Illustration: Liu Rui/GT
The Fourth Ministerial Meeting of the China-CELAC Forum, held earlier this month, strengthened the commercial and diplomatic ties between China and the countries of Latin America and the Caribbean. It also highlighted the importance the Chinese government places on promoting knowledge about China in the Latin America and Caribbean region. Visa exemptions for five countries in the region (Argentina, Brazil, Chile, Peru and Uruguay), effective June 1, also serve as a clear sign of encouragement for people-to-people exchanges.
From Latin America's perspective, if the region wishes to play a more active and creative role in its relations with China, it is essential to gain a deeper understanding of Chinese society. This understanding goes far beyond economic indicators or trade agreement analysis. It requires, above all, a structured comprehension of the political and institutional logic that guides the Chinese system, along with the domestic and foreign policies of the Chinese government and the historical and cultural values that shape Chinese social organization.

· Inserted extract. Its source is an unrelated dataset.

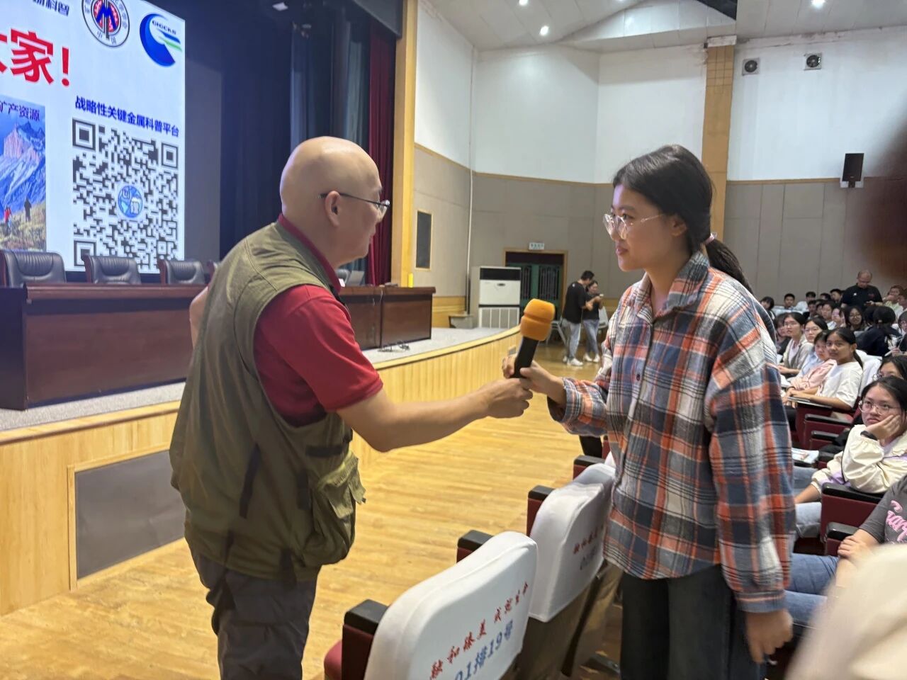 赵太平围绕矿产资源展开科普,阐释定义与属性,解析成因及分布规律;从人类文明史角度,说明矿产推动生产力跃升,指出我国关键金属依赖进口的挑战;并以可可托海3号矿坑为例,强调地质研究的战略价值。他现场展示矿石标本及考察照片,同时纠正“地理属文科”误区,鼓励学生报考中国科学院大学。互动环节,他解答找矿技术等问题,向优秀提问者赠送矿石标本。

In the West, Chinese governance is often reduced to binary stereotypes: authoritarianism versus democracy, state control versus market freedom, communism versus capitalism. This shallow view, which insists on fitting a highly complex and ancient civilization into rigid conceptual frameworks, impoverishes the debate and undermines the quality of dialogue. Latin America and the Caribbean must reject this oversimplification.

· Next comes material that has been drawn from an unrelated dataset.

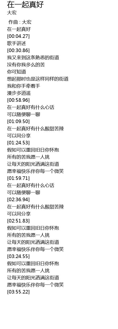 | [00:00.96] | zài yì qǐ zhēn hǎo |

For reasons rooted in Chinese history and political culture shaped over centuries, China's governance has its own logic, which includes, among other features, long-term planning with clear goals and metrics; a Party-based meritocracy that combines talent and virtue in official selection and promotion; coordinated institutional mobilization with vertical and horizontal oversight mechanisms; and, increasingly, broader public participation in evaluating and defining government initiatives. None of these variables is fully comprehended through traditional Western political analysis tools.

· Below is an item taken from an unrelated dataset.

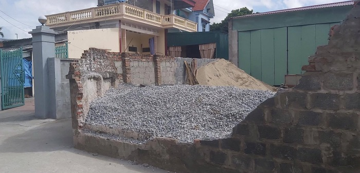 Đoạn tường bao nhà ông Tỵ cao khoảng 1,5 m, nửa dưới xây bằng gạch ba banh, nửa trên xây bằng gạch đỏ.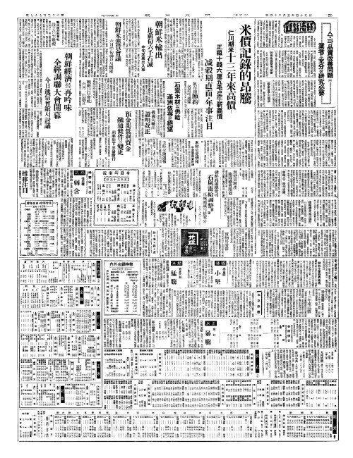 - 米價記錄的昂騰(미가기록적앙등) 仁川期米十三年來高價(인천기미십삼년내고가)!

A common difficulty in many Latin American and Caribbean countries is understanding the rhythm and dynamics of Chinese society, which at times accelerates and at other times pauses. China has done its part. There is a series of structured actions in its foreign policy guided by the principle of knowledge diplomacy, rooted in a deep study of the partner before negotiation and cooperation. The creation of Latin American studies centers in China and cooperation with Latin American universities has enabled the development of high-level academic diplomacy aimed at fostering partnerships that benefit everyone involved.
What the China-CELAC Forum makes clear is that there is significant potential for South-South cooperation, but it requires greater informational symmetry. While the Chinese invest in studying Latin America, Latin American countries have not dedicated enough institutional effort to understanding contemporary China. Without robust training programs, investment in Sinology, and regional coordination for academic and institutional exchange, the region risks being a passive interlocutor.
This diplomatic effort to create Latin American studies and Chinese studies programs must be carried out by universities and think tanks in order to build technical and scientific bridges of dialogue. It also requires, above all, a re-education of perception: to stop seeing China through the filters of Washington's perspective, and to start seeing it as it truly is. Effective dialogue is not built merely on ideological affinities or commercial interests. It demands knowledge, institutional empathy and cultural sensitivity.
Knowing China is a prerequisite for relating to it in a mature and strategic way. The Fourth Ministerial Meeting of the China-CELAC Forum was a reminder that the 21st century will be largely defined by the quality of Asia-Latin America relations. This knowledge diplomacy will allow the peoples of China and Latin America and the Caribbean to build a community of shared future more effectively, avoiding diplomatic missteps and adapting their approaches to each people's distinctiveness.